I may not be good at setting timing but did it according to info and my light was still intermittent and it jumped around some still but not as much as it was jumping. I had to retard distributor from original position (we had marked) to get the timing to jump around the right 5 degree mark. RPM's were reduced. With distributor back in original position, it showed too much advance.
It all sounded like it fixed the problem and I thought all was fine (and its almost right now) but when drove truck under load it had insufficient power (the kind that runs smooth but sounds like a deep sucking sound instead of truck going good) and had a slight irregular cut out.
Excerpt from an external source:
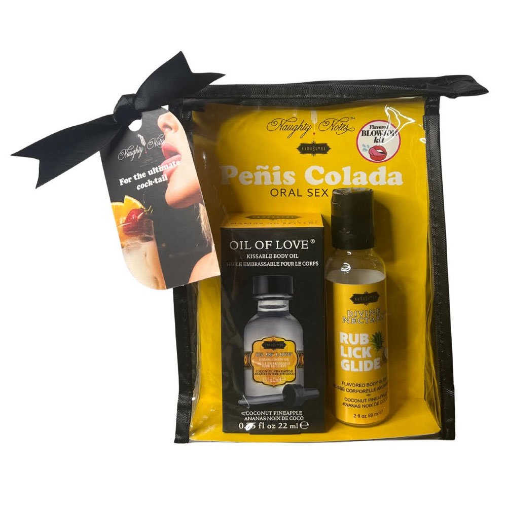 Penis Colada Cocktail Kits, flavored product duos for deliciously fun oral sex. You can choose from 3 juicy flavors inspired by popular cocktails. Oil of love coconut pineapple divine nectars coconut pineapple. Each kit contains a flavored lube, warming body oil, and a divine nectars flavore lube and body glide. Each kit also includes 2 sex positions and a QR code with cocktail recipes!

So, put distributor back to original position (which is a little bit back from maximum rpms per advance) and the truck ran better but still under powered and missing some.
My bads: 1. When I saw the distributor go in right position one tooth over, I got hopeful and then forgot to pull dist. All the way out to check the gears over? Should I pull it back out and check?

2. Old geizer forgot and left the wrench on the crankshaft pulley shaft when started the truck and it took the crank shaft pulley bolt off. I have it back on but not fully torqued (can't remember how I locked up engine to do this?) In case that might cause the bad running engine (assuming not).

I'm assuming moving rotor is tight enough not to be moving on its own?
So, I haven't got a clue now or what would cause a distributor to skip a tooth or did it? Are we chasing the timing chain?

I did hear a noise in engine top or front but it wasn't exactly a slapping and it has now stopped.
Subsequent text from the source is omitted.